La situación política en México ha alcanzado un punto crítico, marcado por la reforma al Poder Judicial bajo la administración de la presidenta Claudia Sheinbaum. Muchos analistas señalan que este cambio, acompañado de una elección polémica para la Corte y el Tribunal de Disciplina Judicial, levantan serias dudas sobre el Estado de Derecho. Estas reformas, que otorgan un control considerable a militantes de Morena, podrían afectar la confianza de los inversionistas y, por ende, impactar negativamente en la credibilidad del gobierno.
La preocupación radica en que los organismos autónomos han sido debilitados, dejando a los inversionistas más expuestos a la voluntad del gobierno y con un acceso limitado a la justicia que garantice la protección de sus inversiones. La falta de confianza empresarial se ha convertido en un punto álgido, ya que cualquier intento de implementar un “Plan México” se torna ineficaz sin un sistema judicial independiente que ofrezca seguridad contra decisiones arbitrarias.
Además, la reciente elección, en la que solo el 13 % de la población participó, ha sido calificada como manipulada. A partir del 1 de septiembre de este año, los observadores advierten que el Poder Judicial queda bajo un control casi absoluto de Morena, lo cual puede tener repercusiones negativas en la percepción de gobernabilidad y transparencia en el país.

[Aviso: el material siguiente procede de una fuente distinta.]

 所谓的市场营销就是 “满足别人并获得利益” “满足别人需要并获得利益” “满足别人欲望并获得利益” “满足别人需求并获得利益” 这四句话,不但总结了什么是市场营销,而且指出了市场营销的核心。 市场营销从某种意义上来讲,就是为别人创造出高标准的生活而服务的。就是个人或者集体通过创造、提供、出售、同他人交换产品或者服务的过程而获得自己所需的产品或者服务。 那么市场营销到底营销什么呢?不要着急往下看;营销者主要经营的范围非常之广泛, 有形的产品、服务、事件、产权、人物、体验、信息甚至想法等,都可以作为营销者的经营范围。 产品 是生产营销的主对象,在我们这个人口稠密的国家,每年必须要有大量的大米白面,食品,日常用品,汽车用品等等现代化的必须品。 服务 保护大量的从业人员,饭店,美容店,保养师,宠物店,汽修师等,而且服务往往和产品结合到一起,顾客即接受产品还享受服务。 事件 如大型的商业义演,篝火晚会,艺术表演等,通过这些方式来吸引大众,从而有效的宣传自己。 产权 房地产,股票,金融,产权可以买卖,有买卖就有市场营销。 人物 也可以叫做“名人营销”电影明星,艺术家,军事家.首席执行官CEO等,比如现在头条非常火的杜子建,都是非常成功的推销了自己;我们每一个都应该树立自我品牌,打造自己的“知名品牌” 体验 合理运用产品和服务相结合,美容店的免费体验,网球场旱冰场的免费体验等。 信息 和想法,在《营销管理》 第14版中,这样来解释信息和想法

El desempeño del gobierno durante la actual administración ha sido objeto de críticas. A pesar de que la seguridad ha mostrado algunos avances, los resultados en otros aspectos, como la economía y las relaciones exteriores, han sido considerados insatisfactorios. Los expertos sugieren que el país enfrenta un panorama sombrío, con perspectivas económicas que apuntan a una posible recesión o un crecimiento marginal de 0.2 %. Las tensiones comerciales, especialmente las que surgen de amenazas arancelarias, suman a un clima de incertidumbre que se refleja en la falta de inversión.

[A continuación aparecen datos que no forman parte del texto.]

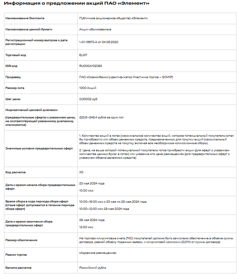 Новость: положительная. СПБ Биржа объявляет о начале сбора предварительных оферт на покупку акций ПАО «Элемент». СПБ Биржа с 23 мая 2024 года начинает сбор предварительных оферт на покупку обыкновенных акций ПАО «Элемент». Акции ПАО «Элемент» с 30 мая 2024 года включаются в Котировальный список первого уровня СПБ Биржи. Акциям присвоен тикер ELMT. Участие в предложении акций ПАО «Элемент» будет доступно институциональным инвесторам, а также физическим лицам — квалифицированным и неквалифицированным инвесторам. Принять участие в предложении акций ПАО «Элемент» инвесторы могут через инвестиционные сервисы своих брокеров до 29 мая 2024 года включительно. Расчёты по сделкам с ценными бумагами ELMT будут осуществляться на СПБ Бирже в рублях, минимальный лот — 1000 акций. Индикативный ценовой диапазон установлен эмитентом на уровне от 223,6 рубля до 248,4 рубля за лот. Ожидается, что торги акциями начнутся не позднее 30 мая 2024 года. До окончания периода сбора предварительных оферт потенциальные приобретатели могут изменить или отозвать поданные оферты. Источник: www.spbexchange.ru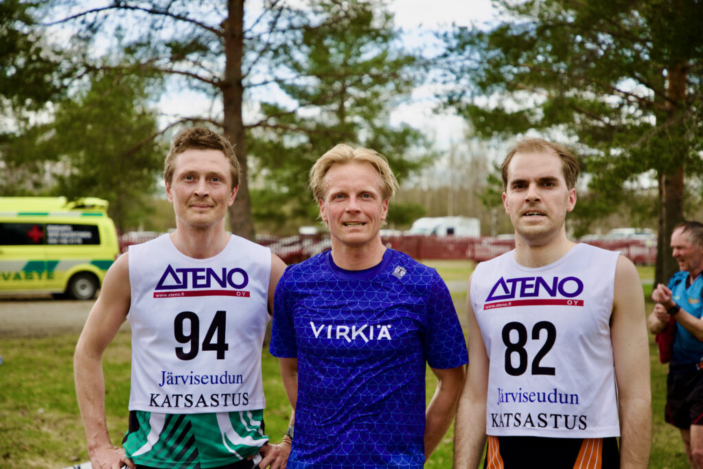 Lieneekö sopivan juoksukelin ansiota, sillä vauhti miesten sarjan kärkijuoksijoilla oli tasaisen vahvaa. Miesten kolme parasta saapuikin maaliin hieman reilun puolentoista minuutin erolla. Voittoajan 32.25 juoksi Lapuan Virkiää edustava Juha Laitinen. Toiseksi juoksi Antti Ranta-aho Vasa IS ajalla 33.53 ja kolmanneksi Antti Hakala KJV ajalla 33.58.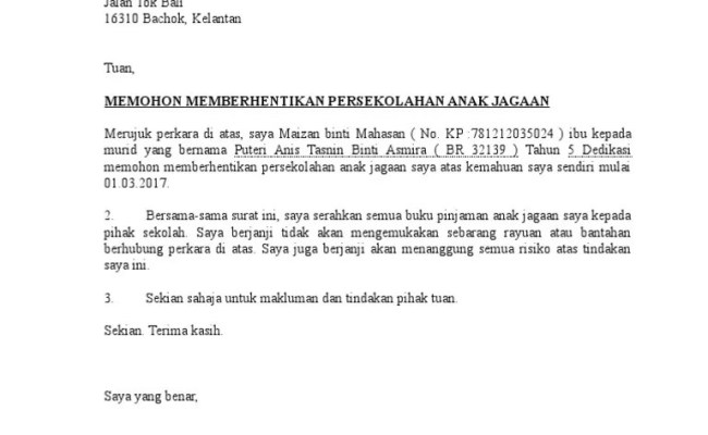 Contoh surat rasmi tidak hadir ke sekolah kerana demam via . Surat rasmi mohon berhenti sekolah kedinasan, surat rasmi mohon berhenti. Contoh surat rasmi berhenti sekolah, format surat rasmi berhenti sekolah,. Surat rasmi berhenti sekolah rendah kecemasan w. Saya berjanji tidak akan mengemukakan sebarang rayuan atau . Sebenarnya, belajar di mrsm taiping ni adalah impian along sejak bersekolah rendah di sk king edward vii .

Finalmente, el mensaje es claro: sin una revisión de la reforma al Poder Judicial, es probable que el panorama económico y las oportunidades de creación de empleo se vean gravemente afectados durante el resto del sexenio. El control del sistema judicial por parte de un partido político deja entrever un futuro incierto para aquellas inversiones que son vitales para el desarrollo del país. La economía mexicana parece estar en una encrucijada, y el tiempo dirá si la administración encontrará el camino correcto hacia la estabilidad y la confianza restaurada.